# Boston Police Cadet



## hunter617 (Mar 15, 2005)

I am interested i the Boston Police Cadet program, does any one have any info on how they work, daily task, and what are the requirements to get on?


----------



## 94c (Oct 21, 2005)

I don't work in Boston but we do use cadets. An exam is given and background checks done.
Once hired they are assigned as call takers in the dispatch room, as well as, assigned to inside tasks assisting in clerical duties. We assign them to the traffic division, firearms division, etc.

They also get preference to coming on the department as police officers.


----------



## JoninNH (Jan 29, 2004)

For more information, you can visit the Union website here (info is 4 years old): http://www.bppa.org/cadets.asp




> (From www.bppa.org/cadets.asp) A police cadet shall maintain and file records, operate office machines, answer telephones, receive complaints, enter and index official documents, prepare routine reports, prepare and tabulate facts and figures for statistical purposes, and have similar duties of an administrative rather than an enforcement type. He shall not carry arms, nor shall he have any power of arrest other than that of an ordinary citizen. He shall be considered an employee of the city or town for the purposes of workmen's compensation.
> 
> Increase the base salary by three percent (3%) effective July 3, 1999, July 1, 2000, and July 7, 2001. The new weekly salary for bargaining unit employees shall thus be as follows:
> Effective July 3, 1999$357.41
> ...


Preference is given to those trying to become Boston Police Officers...

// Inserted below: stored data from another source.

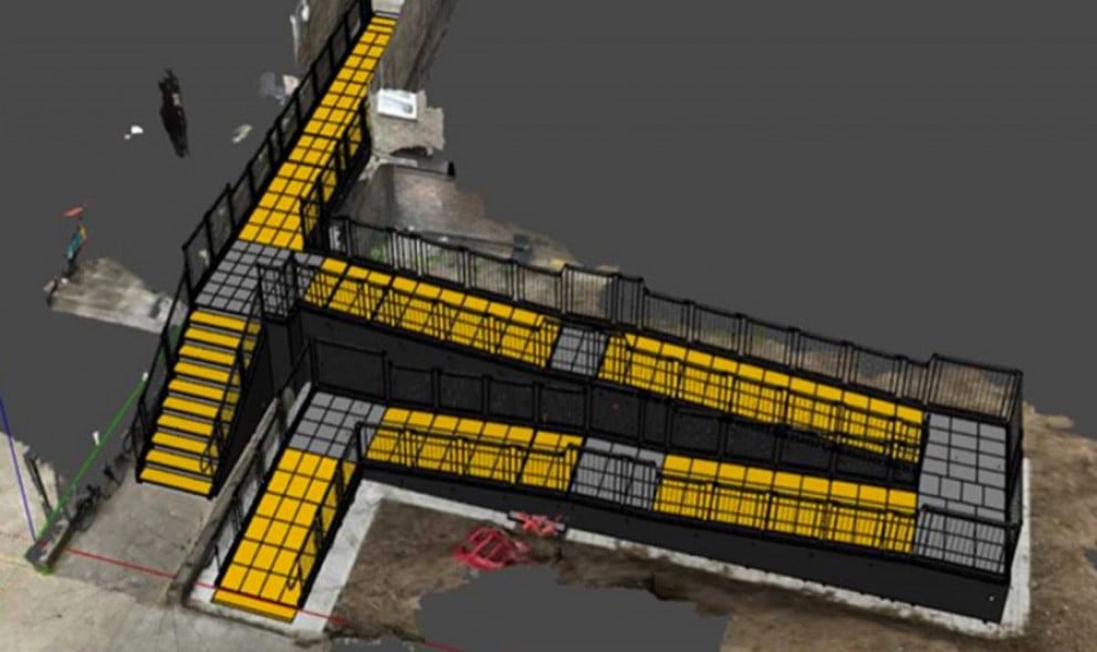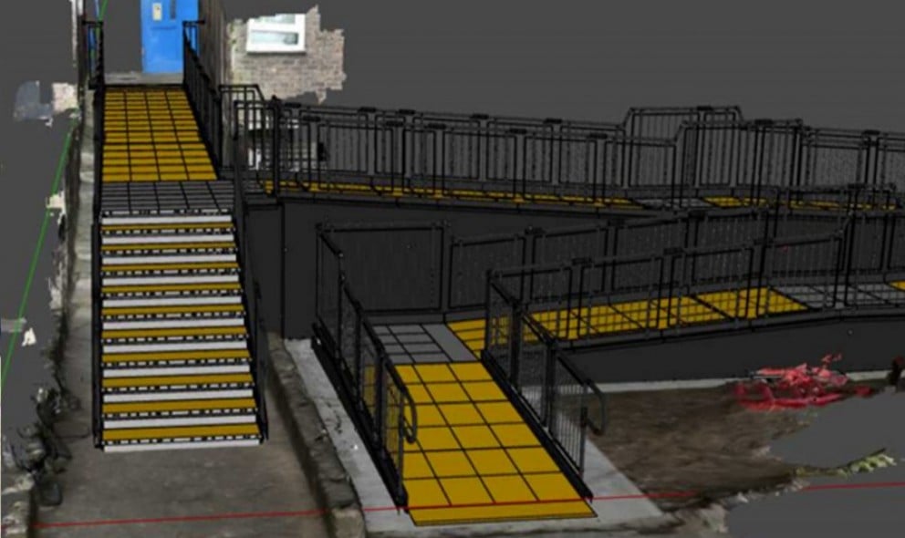Our design team then overlaid a 3D drawing of the ramp onto the RapidScan model, carefully planning around any obstacles.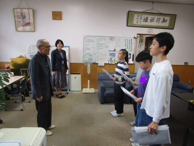 6年生 一人暮らしのお年寄りへのお手紙贈呈式 公開日 2025/10/22 更新日 2025/10/22 6年生 今日、社会福祉協議会の方が来校され、6年生の子供たちが心を込めて書いた、杉原地区の一人暮らしのお年寄りへのお手紙をお渡ししました。毎年、杉原小学校6年生からのお手紙を楽しみに待っておられる方が大勢いらっしゃるそうです。社会福祉協議会の方から感謝の気持ちを伝えてもらい、子供たちはとても嬉しい気持ちになりました。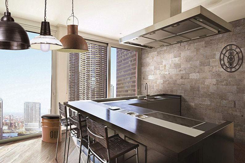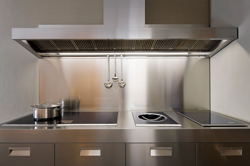 Pour concevoir une cuisine dans le style du minimalisme, de la haute technologie ou du grenier, l’acier est idéal. Un tel tablier fait référence à des options exclusives. Cela rend la pièce élégante, chère et même un peu officielle. Par conséquent, pour lui donner de la "chaleur" et une atmosphère chaleureuse, l’acier est combiné au bois.

> *Preference is given to applicants applying to work or the B.P.D. for the following reasons:*
> 
> Those who live within the city of Boston
> Children or siblings of fallen officers
> ...







> From the Boston Police Website:
> 
> "How can I become a Cadet?
> _For this information please contact Human Resources within the BPD at (617)343-4677."_


----------



## hunter617 (Mar 15, 2005)

97c what department do you work for


----------



## s1w (Sep 12, 2005)

I hope you are already a resident if you plan to get on.


----------



## Officer Dunngeon (Aug 16, 2002)

s1w said:


> I hope you are already a resident if you plan to get on.


And I hope you have an uncle/aunt/cousin thrice removed on your sister/brother-in-law's side! :roll:


----------



## hunter617 (Mar 15, 2005)

i lived in boston all my life, and my cousins husband is a Boston Police Officer. (12 years)


----------